Family Parenting

Almost 18: Navigating the Emotional Rollercoaster of Raising a Teen on the Brink of Adulthood

elegant woman celebrating with roses and balloons

It doesn’t quite hit you until you’re filling out yet another university open day form or helping them apply for part-time jobs, when suddenly it’s there, staring back at you in bold: this is your child’s last year as a minor. Raising a teen means moments like this, watching the little person who once clutched your hand in the primary school car park now borrow your clothes, use all your make-up, mutter something unintelligible before 10 am, and keep one foot already out the door.

As my teenager edges closer to their 18th birthday and applying for universities, I find myself caught in this strange in-between: part pride, part panic. Pride, because they’ve become someone thoughtful, funny, independent (when it suits), and full of their own opinions. Panic, because, honestly, wasn’t it just last week I was labelling school cardigans and carrying her book bag?

Now we’re talking about universities, personal statements, and student loans. I’m trying to play it cool, but my heart lurches every time they mention open days or moving out. They’re planning their future, which is precisely what I raised them to do, but no one really prepares you for how fast it all comes around.

teenagers on vacation playing in water
Photo by Ron Lach on Pexels.com

The Myth of “Adulthood”

Turning 18 is a legal milestone, including voting, driving, working part-time, and university applications, but it doesn’t mean our kids suddenly have it all figured out. Honestly? Neither do most of us. But society tells them (and us) that adulthood begins now, and with it comes a landslide of expectations.

As a parent, it’s a strange shift. You go from making appointments and signing permission slips to watching them make their own decisions, some great, some questionable, and having to bite your tongue through most of it. There’s a grieving process here that no one talks about: grieving the phase of active parenting, the “mum knows best” years, and even the comfort of routine chaos.

Supporting Without Smothering

This phase requires a whole new parenting toolkit: less “fixer,” more “coach.” Less “Because I said so,” more “What do you think is the right move here?” It’s terrifying, especially when you can see a mistake looming a mile off. But letting them navigate those potholes is how they learn, and how we learn to let go.

I’ve found it helpful to frame my role as a guide, not a guard. Raising a teen has taught me that I can’t shield them from everything, but I can be their safety net, their sounding board, and, when needed, the voice of reason (even if they ignore it at first).
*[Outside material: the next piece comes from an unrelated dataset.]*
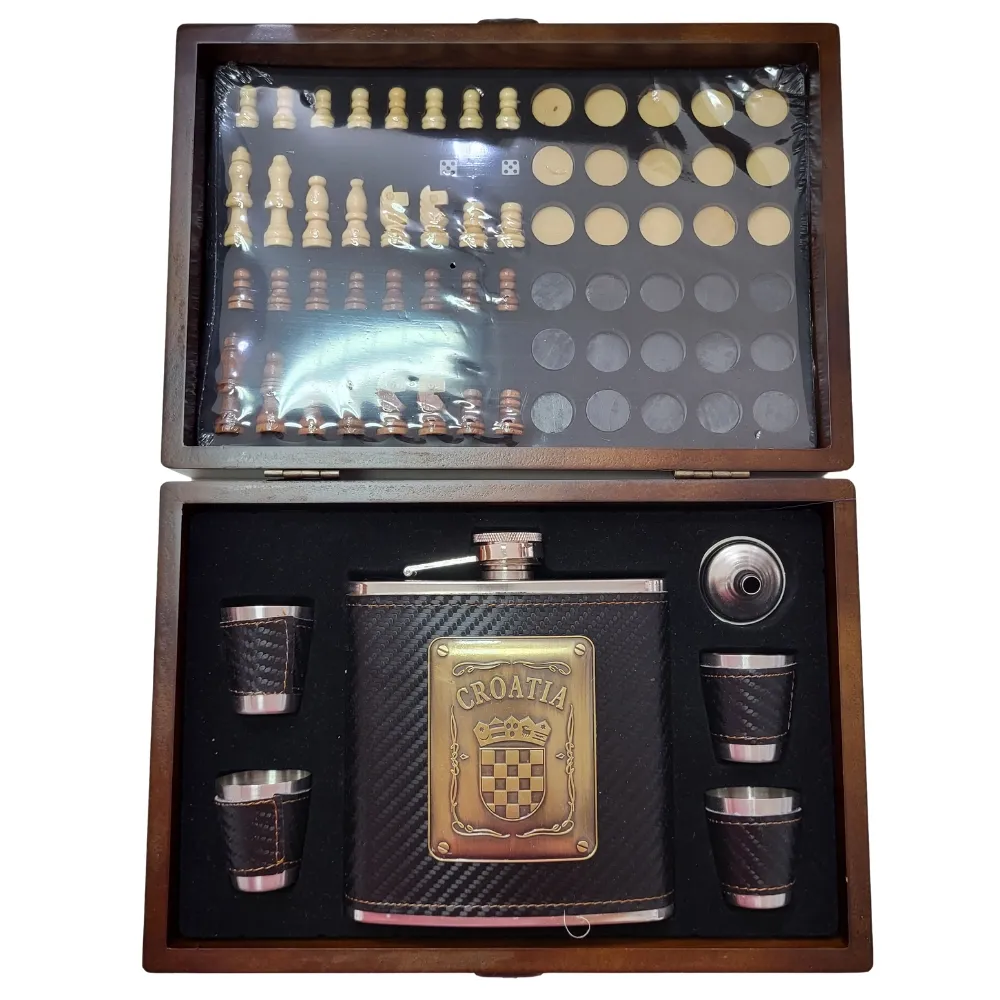 Šah set sadrži šahovnicu, figure za šah i druge društvene igre, pljosku Croatia i čašice s grbom. Dimenzije je 28x19cm.

birthday woman blowing candles on cake during celebration
Photo by Davide De Giovanni on Pexels.com

Celebrating the Milestone

As their birthday approaches, the mood in our house has been a mix of excitement, reflection, and a bit of tension. They’re thinking about freedom, independence, and what comes next. I’m thinking about how to savour these last few months before the legal cut-off, knowing full well that while parenthood doesn’t end at 18, the dynamic does shift.
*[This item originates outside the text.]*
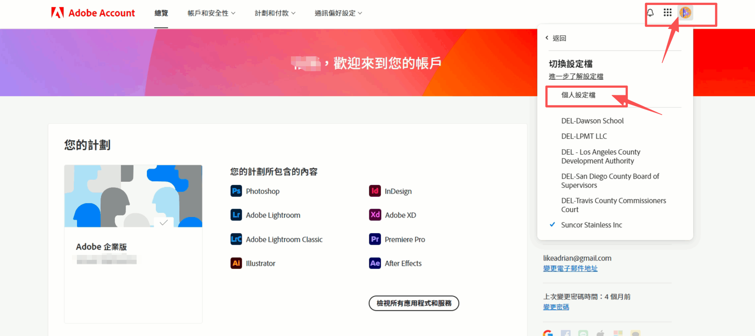 1、打開Creative Cloud App (電腦桌面版),右上角登出賬號,再登入。 2、重新登入後選擇最新的組織進去就可以用了。設定好後,請繼續把之前的舊組織退出,下次更新切換組織的時候您便可直接知道是哪個組織。從而進行快速切換恢復使用!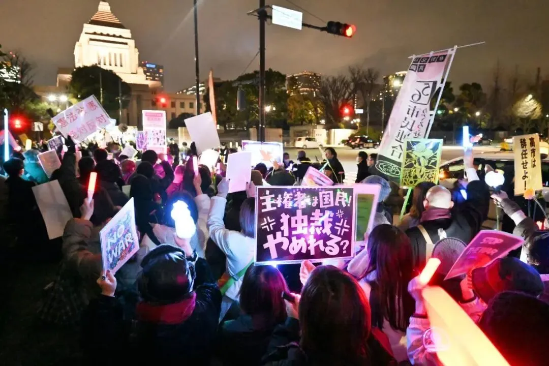 3月10日深夜,东京国会前,约八千名日本(专题)市民冒雨聚集在一起。他们挥舞着彩色荧光棒,高喊“高市首相,请遵守宪法”“反对战争”。这一幕,发生在日本,却让很多人感到一种久违的历史性压迫感。

We’re planning a celebration, not just for the birthday itself but for everything this next chapter represents. It will not be a “goodbye to childhood,” but a “welcome to your future.”

Letting Yourself Feel It All

To any other parent riding this wave: it’s okay to feel a little lost. Raising a teen comes with moments of doubt, pride, and unexpected emotion. It’s okay to cry in the supermarket because you saw the biscuits they used to love at five. It’s okay to worry and hope and replay every parenting moment like a highlight reel. And it’s okay to be proud of them and yourself for getting this far.

Because 18 is just the beginning. For them and us.